◆ **What the task requires**:
Would you write out the listing verbatim and skip every picture in it?

◆ **Given material**:
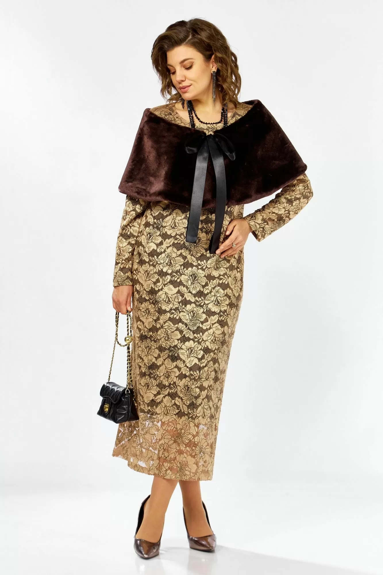 Элегантный и утонченный комплект с изящной меховой горжеткой, созданный для особых случаев в основе платье полуприлегающего силуэта на трикотажной подкладке из кружевного гипюра с контрастным рисунком в цветочной тематике, мягко драпируется , создавая воздушный легкий силуэт длинные рукава и свободный крой добавляют образу благородства и загадочности .
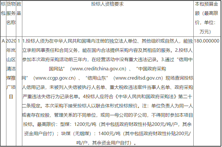 二、采購項目名稱:2020年嵐山區清潔煤推廣項目
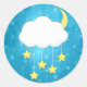 Les étoiles sont suspendues d'un nuage contre un arrière - plan bleu étoilé texturé. Une lune jaune survole derrière le nuage.

◆ **Your solution**:
 Элегантный и утонченный комплект с изящной меховой горжеткой, созданный для особых случаев в основе платье полуприлегающего силуэта на трикотажной подкладке из кружевного гипюра с контрастным рисунком в цветочной тематике, мягко драпируется , создавая воздушный легкий силуэт длинные рукава и свободный крой добавляют образу благородства и загадочности .
 二、采購項目名稱:2020年嵐山區清潔煤推廣項目
 Les étoiles sont suspendues d'un nuage contre un arrière - plan bleu étoilé texturé. Une lune jaune survole derrière le nuage.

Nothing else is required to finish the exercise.